WASHINGTON – Listen to the contours of the debate on how to overhaul public education and it would be easy to conclude that most everyone is in a calm state of agreement.
Republican Rep. John Kline, chair of the House Education Committee, says the 2002 No Child Left Behind law has outlived its usefulness. He doesn't like the federally imposed, one-size-fits-all approach to how schools are treated and thinks decisions about how to measure student achievement and growth should be shifted back to local teachers, parents and schools.
In many ways, the national teachers union thinks much the same thing. Mary Kusler, the top lobbyist there, said, "The one common denominator … is that the educator's voice is part of the solution."
President Obama's Education Secretary Arne Duncan echoed a similar sentiment.
"I believe all teachers deserve fair, genuinely helpful systems for evaluation and professional growth," Duncan said. "I am absolutely convinced that we need to know how much progress students are making."

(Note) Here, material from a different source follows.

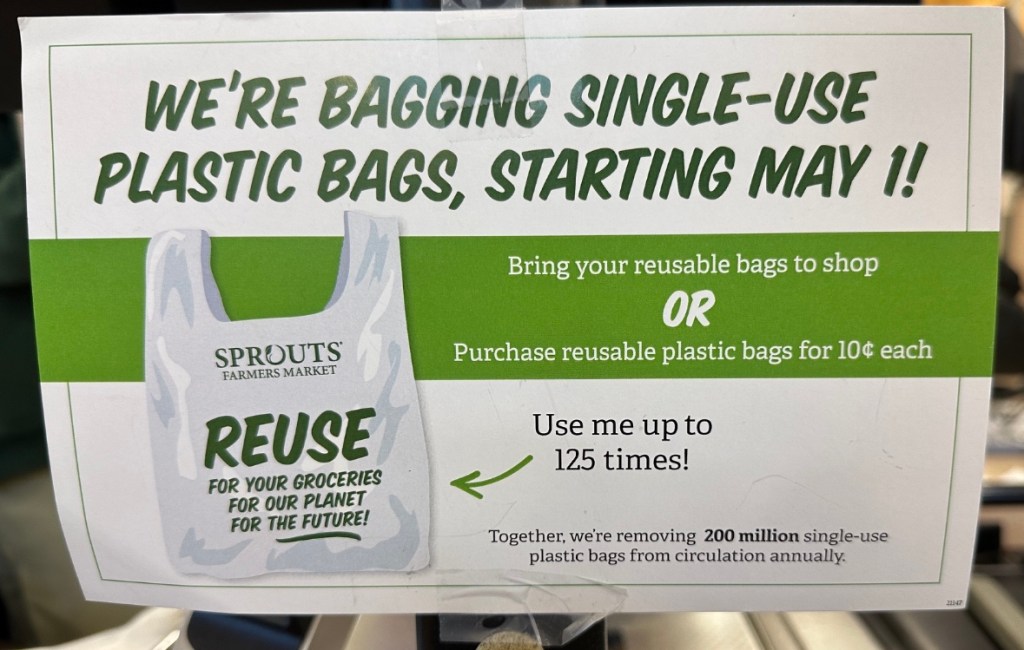 Sprouts Farmers Market has more than 380 grocery stores across the US. As of May 1st, you can no longer get single-use plastic bags in their stores. You can bring your own or buy a reusable plastic bag that will last 125 trips. This single change will save 200 million single-use plastic bags a year. Plastic bags are sourced from fossil fuels. Way to go Sprouts! Now to tackle the other 100 billion single-use plastic bags we use annually.
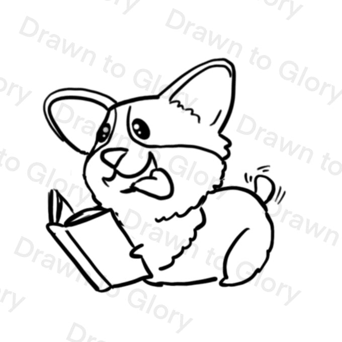 Corgi reading a book - Tattoo Transparent PNG- instant download

In this most partisan, polarizing place, all this rare comity could be viewed as a breath of fresh air. Maybe in an era of deeply divided government, a Republican Congress and a Democratic White House, education can be a bastion where everyone can work together.
Of course, it is rarely that simple.
This spring, Republicans and Democrats on Capitol Hill are girding for one of the biggest showdowns in a decade on how to revamp the 13-year-old No Child Left Behind law that fundamentally challenged norms in public education by requiring schools prove students were effectively learning core subjects.